FRANKFURT (Reuters) - European Central Bank policymakers gathering last month expressed concern over the risk of a full-fledged trade war with the United States and fretted over the potentially harmful impact of the euro’s strength, the minutes of meeting showed.
With the euro zone economy growing for five straight years, policymakers are now debating how to wean the bloc off easy money and prepare investors for normalizing policy a decade after the global financial crisis sent central banks into crisis mode.
The ECB has so far moved by increments to dial back support. In March, it gave up a largely outdated pledge to raise asset buys if needed, a symbolic move that kept it on course to end its 2.55 trillion asset purchase program by the end of this year.
While the euro’s firming in recent months, partly due to fears over U.S. protectionism, has not significantly curtailed demand, policymakers called the exchange rate a “significant source” of uncertainty with some predicting a more negative impact on inflation.
“It was remarked that the recent movements in the euro exchange rate seemed to relate more to the relative monetary policy shocks, including communication, and less to improvements in the macroeconomic outlook,” the minutes showed.
“This suggested that the exchange rate appreciation could be expected to have a more negative impact on inflation.”
Investors have been wondering whether the ECB’s carefully calibrated exit plan from its ultra easy policy could be scuppered by a looming trade war between the United States and China although ECB policymakers have so far played down this risk.

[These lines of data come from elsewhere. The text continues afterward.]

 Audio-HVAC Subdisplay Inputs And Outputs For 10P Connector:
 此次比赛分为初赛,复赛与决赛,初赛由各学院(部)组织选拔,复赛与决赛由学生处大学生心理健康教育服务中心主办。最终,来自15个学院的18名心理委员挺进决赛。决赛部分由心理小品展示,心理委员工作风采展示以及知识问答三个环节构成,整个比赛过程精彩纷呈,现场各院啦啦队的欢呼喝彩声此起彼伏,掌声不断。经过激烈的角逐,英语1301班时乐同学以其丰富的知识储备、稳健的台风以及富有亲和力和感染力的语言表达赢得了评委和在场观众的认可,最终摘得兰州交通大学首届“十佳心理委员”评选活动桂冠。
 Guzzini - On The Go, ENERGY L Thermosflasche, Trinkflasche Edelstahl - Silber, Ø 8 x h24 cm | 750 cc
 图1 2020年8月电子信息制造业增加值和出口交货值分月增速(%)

“There was widespread concern that the risk of trade conflicts, which could be expected to have an adverse impact on activity for all countries involved, had increased,” the ECB said. “It was also cautioned that negative confidence effects could arise.”

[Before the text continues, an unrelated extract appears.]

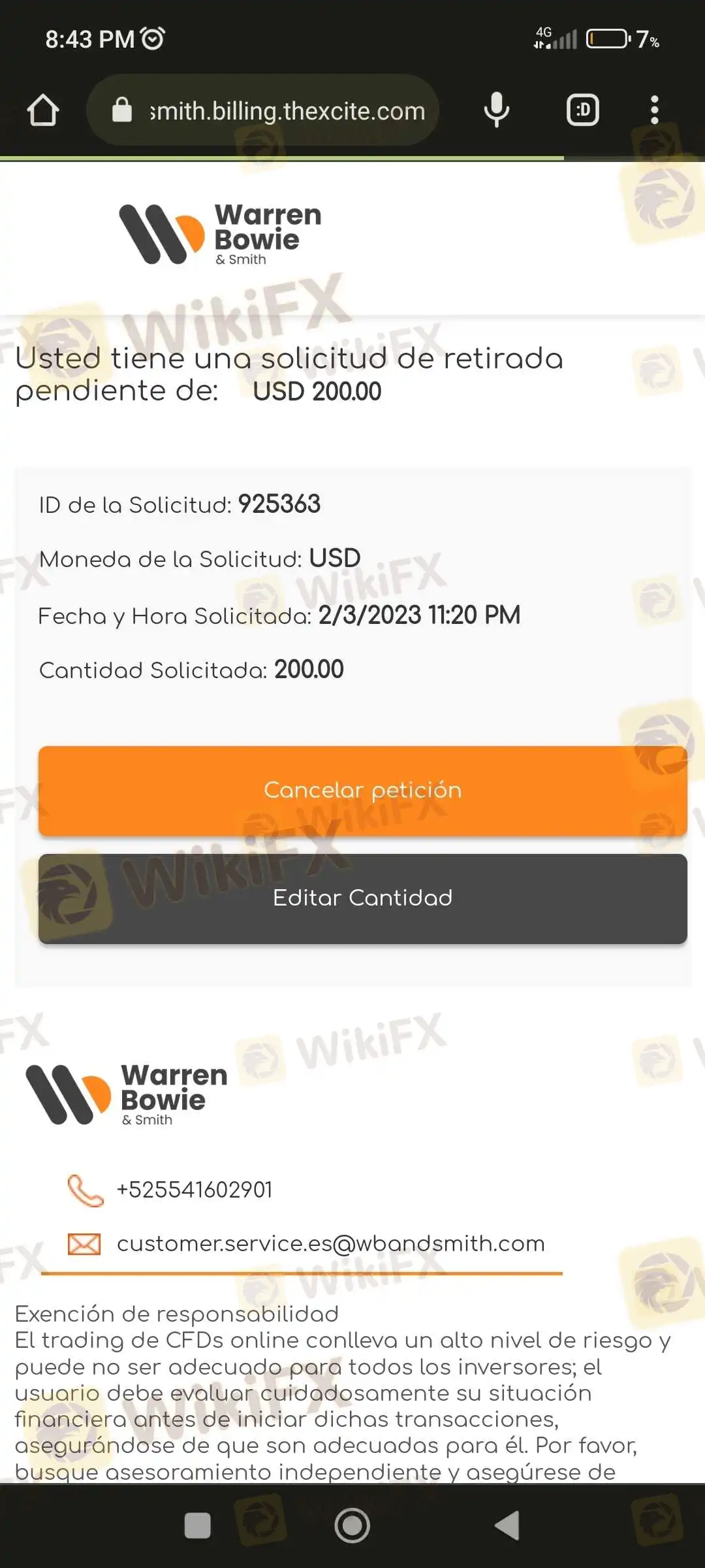 Esta ha sido la declaración de Ronny, el cual se dejó llevar por la publicidad, bastante agresiva, que Warren Bowie & Smith transmite a través de las redes sociales. Pensando que es una buena inversión Ronnie se registra en el bróker y realiza un depósito de 200 USD. Luego de realizar este depósito, Ronny decide investigar al bróker, encontrando los comentarios negativos, y es cuando decide retirarse del negocio ya que aún no había iniciado el trading y solamente estaba en la etapa de registro.

Launched three years ago, the ECB’s bond buys depressed borrowing costs, kick-started growth and helped fight off the threat of deflation.
But inflation, the ECB’s singular mandate, has remained weak and will undershoot the bank’s nearly 2 percent target for years to come, a threat to the bank’s credibility.
Still, policymakers argue that with spare capacity largely exhausted in the bloc and growth motoring ahead, it is only a matter of time before inflation picks up so the ECB can afford to dial back is stimulus and give price growth time to accelerate.
A view was put forward arguing that the ECB was close to meeting its criteria for a sustained adjustment in the path of inflation but there was broad agreement that progress is not yet sufficient.
Still, policymakers were in agreement that their confidence has increased that inflation would gradually rise back towards target, if only the bank was patient enough.
“The increased confidence called for a gradual adjustment in the Governing Council’s communication,” the accounts showed,” the ECB said.
Once bond buys end, investor focus will turn to interest rates as the ECB has said they would stay unchanged ‘well past’ the bond buys end, an ill defined timeline that is seen by market as roughly six months.